CKM Beyond Channel Gain: Spatial Correlation Map Construction with Deep Learning
This addresses a fundamental problem in environment-aware wireless communication and sensing for CKM-enabled networks, representing an incremental advance over prior work focused on simpler channel gain maps.
The paper tackles constructing high-dimensional channel spatial correlation maps (SCMs) for multi-antenna systems by decomposing them into lower-dimensional maps and proposing a deep learning model, E-SRResNet, which achieves a cosine similarity exceeding 0.8 with ground truth in most regions.

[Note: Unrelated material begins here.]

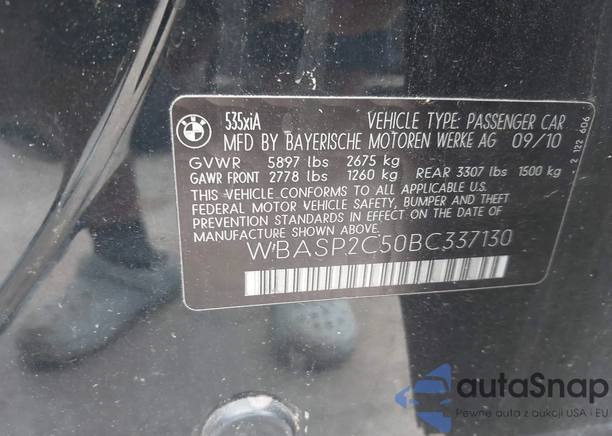 • VIN WBASP2C50BC337130

Channel knowledge map (CKM) is a promising technique to achieve environment-aware wireless communication and sensing. Constructing the complete CKM based on channel knowledge observations at sparse locations is a fundamental problem for CKM-enabled wireless networks. However, most existing works on CKM construction only consider the special type of CKM, i.e., the channel gain map (CGM), which only records the channel gain value for each location. In this paper, we consider the channel spatial correlation map (SCM) construction, which signifies the location-specific spatial correlation matrix for multi-antenna systems. Unlike CGM construction, constructing SCM poses significant challenges due to its extremely high-dimensional structure. To address this issue, we first decompose the high-dimensional SCM into lower-dimensional path gain map (PGM) and path angle map (PAM). Then we propose a deep learning model termed E-SRResNet for constructing high-quality SCM from sparse samples, which incorporates multi-head attention (MHA) mechanisms and multi-scale feature fusion (MSFF) to accurately model both local and global spatial relationships of channel parameters and complex nonlinear mappings. Furthermore, we preprocess the dataset to provide priors including line-of-sight (LoS) map, binary building map and base station (BS) map for the model to reconstruct SCM more accurately. Simulations conducted on the CKMImageNet dataset demonstrate that the proposed E-SRResNet achieves significant performance improvements over baseline methods. Moreover, the cosine similarity between the constructed SCM and the ground truth exceeds 0.8 in most regions, validating the effectiveness of the proposed construction method.